Back then, the technology that fits inside today’s average cell phone looked like something out of a science-fiction movie. Henderson’s job was to lug the gear through a hot, humid Florida summer, several days a week. He trudged across Jacksonville, collecting the location of storm-water lines and maintenance hole covers. A colleague in the office incorporated that data into a geographic information system (GIS) to create a citywide map of public works.
It was sweaty and, some might say, monotonous and underappreciated work. But from Henderson’s point of view as a summer intern, it was science come to life—a backpacking adventure that changed his future.
“I looked like a Ghostbuster!” recalls Henderson, who is now technical director of enterprise GIS at freight-rail giant CSX. “It was thrilling.
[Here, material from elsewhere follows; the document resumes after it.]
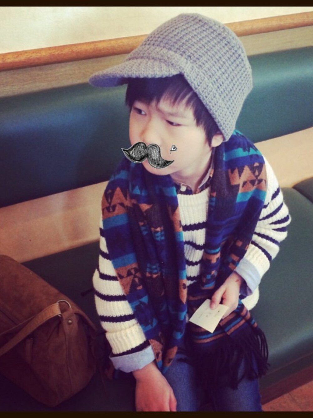 大人っぽく。 ちょっと春っぽく。 中にシャツ着せて腕クルクルしてみたり。 ニットも帽子もダブルオーバーサイズで。 眠くて赤ちゃんみたいな口になってます。 これでもあと1ヶ月で小学生です。 まだまだ甘えん坊の長男です。♡。

I couldn’t believe that global positioning satellites were watching me walk around and that I was helping create storm-drain maps that were updated every week and printed on paper. It might not seem like much now, but I was hooked.”
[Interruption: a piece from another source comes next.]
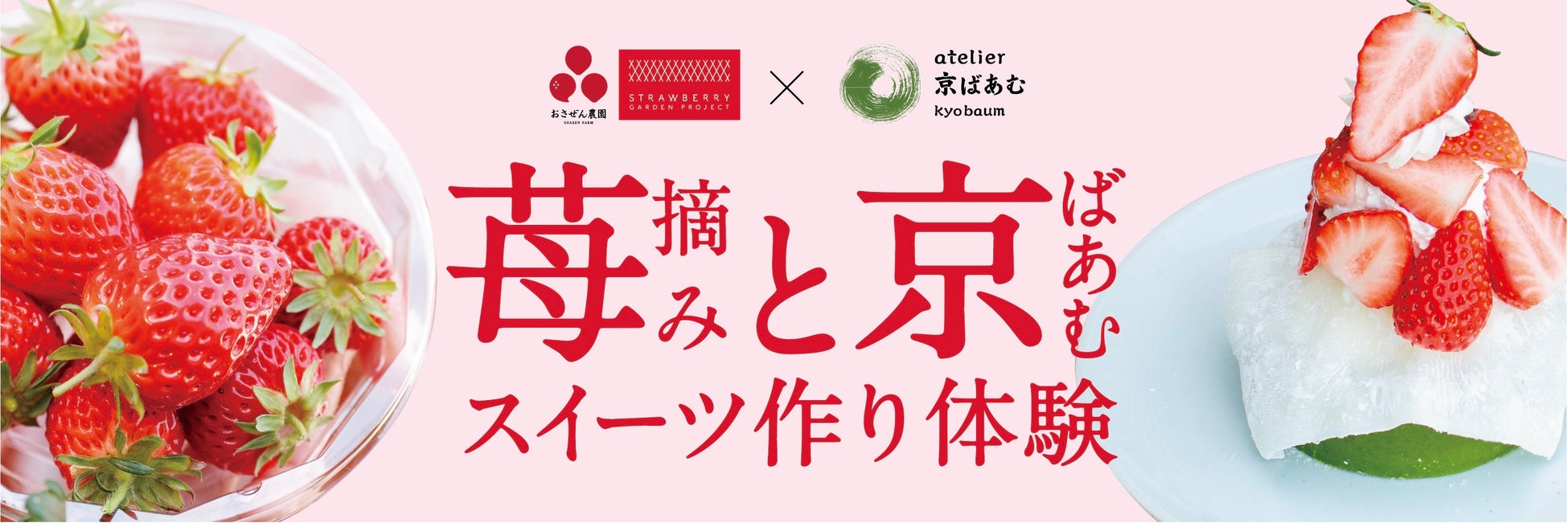 京都銘菓「つぶあん入り生八つ橋 おたべ」や「京ばあむ」などを製造・販売する株式会社美十(本社:京都府京都市、代表取締役社長CEO:酒井宏彰)は、 2025年2月1日(土)より、京都市南区に展開するatelier(アトリエ)京ばあむにて「京ばあむ」と旬の「いちご」を使用した「苺摘みと京ばあむスイーツ作り体験」を開始します。また同時に、3Fの京ばあむCafeにて「いちごパフェ」「いちごミルク」「いちごジェラート」を発売します。

That was 1999. Since then, the field of location intelligence has advanced dramatically.
Foreshadowing Drones, IoT, and GIS
In fact, Henderson doubts that 20 years ago he could have imagined how he and his team at CSX would use technology today. Now, they have created an app that uses real-time awareness from drones, GIS, and the IoT to help CSX immediately assess storm damage and speed recovery while protecting workers.
And he certainly could not have imagined accomplishing that in about four days while a hurricane bore down on the company’s rail network in North Carolina. But that’s what his team did in September 2018, in a whirlwind week that changed the way CSX looks at location intelligence. The company now sees the power of drones to save money and time—and deliver on customer expectations.
“Our GIS team played an important part in the recovery efforts in the aftermath of Hurricane Florence,” says Ricky Johnson, vice president of engineering for CSX. “Erik played an instrumental role, as he led his team to work quickly and safely while helping employees and infrastructure get back up and running.”
Ex-Ghostbuster Becomes Tech Disrupter
With powerful Hurricane Florence just days away from smashing into North Carolina, CSX braced for damage and searched for ways to speed up recovery efforts.
Asked by concerned company leaders how GIS could contribute to the storm response, Henderson was ready. He said his team could create a way to assess damage even while remnants of the storm still swirled, even if tracks were blocked with trees and bridges were washed out. What Henderson proposed—boots on the ground, drones in the air, and photos and videos transmitted to the hurricane-response room in Jacksonville—was brand-new for CSX.
As if that wasn’t enough of a challenge, he also said they could produce an app with a shareable, interactive GIS map with layers of rich data, including aerial images, power outages, and rail networks. And he said they could build the app in a matter of days, before the storm hit the US coast.
If it worked, managers in the hurricane-operations room would see the real-time situation on the ground. In the past they’d prepared a response strategy by listening to reports on a speakerphone while jotting notes on paper maps and then reviewing spreadsheets of damaged assets.
It would be a dramatic technological leap.
“Until then, we mainly used GIS for asset management,” Henderson says. “We tracked railroad switches. We tracked signals on the ground and surveyed them when they moved.” Now, they would graduate to real-time situational awareness, using the IoT and drones to update GIS smart maps.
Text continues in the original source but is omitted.